Of course this never happened. We didn’t go anywhere. I grew up. He grew old. And I did leave, to other places, but he stayed, picking up golf and taking walks in the park.
Maybe park isn’t the word I am looking for. If I recall it was a nature preserve of some kind, with a parking lot and paths that wound their way through acres of land on the eastern side of the valley. There were long fields with wildflowers. An open structure the size of a barn that could be rented for performances and weddings. If you walked all the way to the end there were benches along a cliff overlooking the river, the bridge, and the city of Kingston on the other side of the valley. He liked sitting there and watching the
cargo boats head upstate and to Canada. The freight train that appeared once a day in the afternoon. The hawks.
Sometimes he liked to tell me about the train he and his parents had hopped with fifty others to escape fighting during the war. His parents had convinced him that they were embarking on a great adventure. For a long time during that ride he didn’t understand that something was wrong. That the country was on fire. He peered through the slats and for the first hour saw nothing, and then he saw everything. For three days he saw and heard everything from a train car the size of four beds.

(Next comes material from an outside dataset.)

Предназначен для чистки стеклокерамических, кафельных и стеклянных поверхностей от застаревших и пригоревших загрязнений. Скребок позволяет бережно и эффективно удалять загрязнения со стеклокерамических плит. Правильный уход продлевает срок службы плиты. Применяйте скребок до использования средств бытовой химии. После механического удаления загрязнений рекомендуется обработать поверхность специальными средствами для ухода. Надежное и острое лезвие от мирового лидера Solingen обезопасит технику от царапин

I knew my father as someone who was reserved and shy, who was dedicated to his work and to his patients but who remained in the car when he picked me up from school, a parent who always cooked me dinner but left me alone in the kitchen to eat it. Someone who was both there and not there.
But once in a while he would tell me a story. A story from his life. It would come unexpectedly, as though he were finishing a private thought, and I liked listening, even if it was one he had already told me because we didn’t speak very much throughout our lives, and when I was young a story felt like the two of us speaking, like he wanted me to be a part of whatever memory he had tunneled into.

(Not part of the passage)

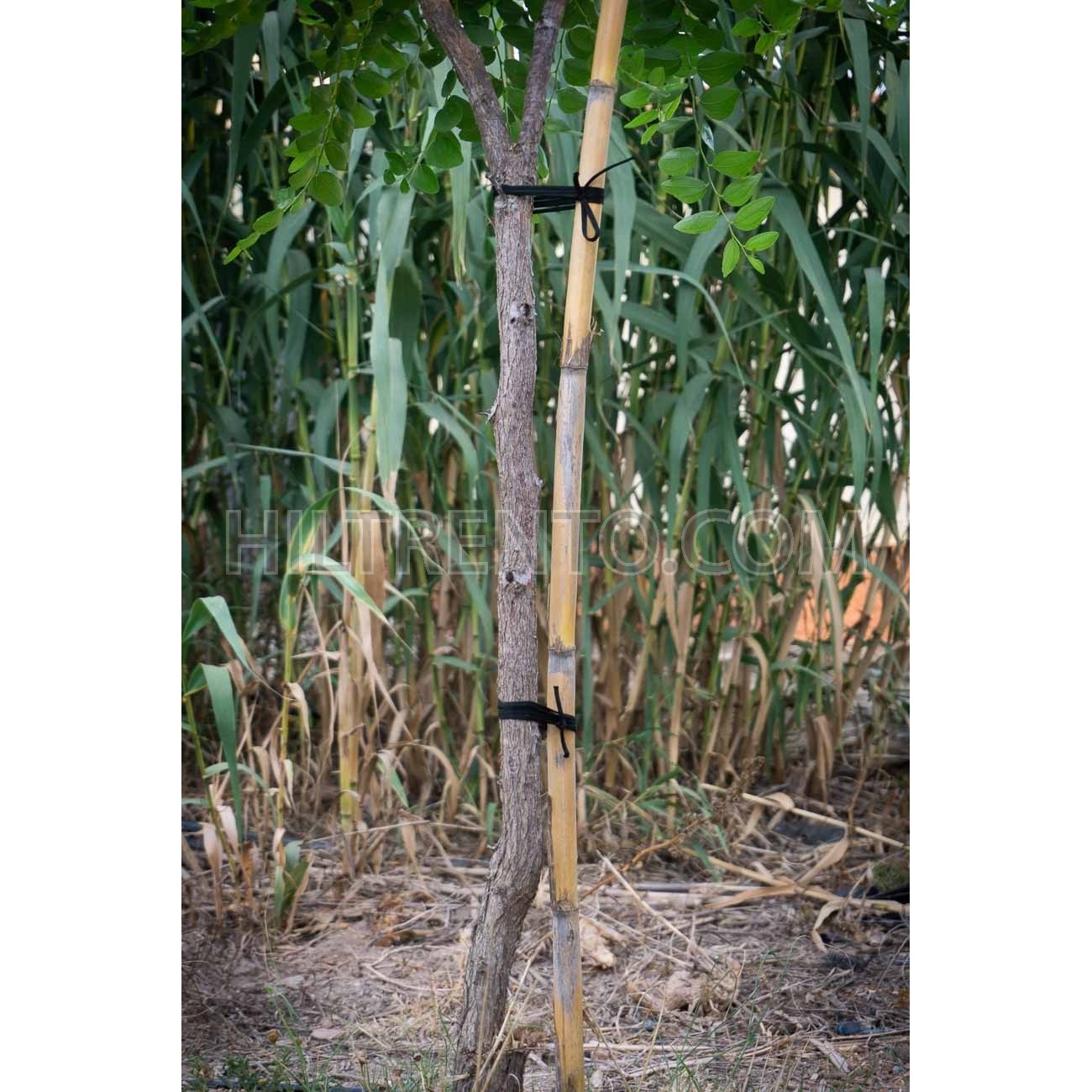 Goma elástica plana de tacto suave, cinta para entutorar y guiar árboles y plantas para un correcto crecimiento. Superficie plana y elástica que no daña el tallo de la planta, permitiendo la holgura correcta para un movimiento controlado. Una vez que la planta crece, no es estrangulada por la goma, debido a su elasticidad y suavidad.

The story he shared that day as we sat on a bench facing the valley was one I had never heard. Even now I am unsure why he spoke of it in that moment at all. I remember that he was very tired from the walk, and I felt guilty for urging him to go on so that we could reach the cliff. It was selfish of me, I knew, because my daughter, Philippa, was with us, and I wanted to impress her. She was six then. Seven years earlier I had met her mother, married her, and we had lasted until a few months ago. I still called her my wife. She had moved back to Berlin, and tomorrow Philippa would go back to her. I wasn’t yet used to not seeing my daughter every day. Watching Philippa, in the high grass of the cliff, I was already missing her. And missing my wife.
She was German and a geologist, and one Christmas I was invited to a staff party at a restaurant, because I ate at the bar every Friday, to treat myself, so they called me a regular. I work with satellites, and the restaurant was near the office, so I would go there to watch the news or a part of a movie they were playing, and then return to the computers and the data.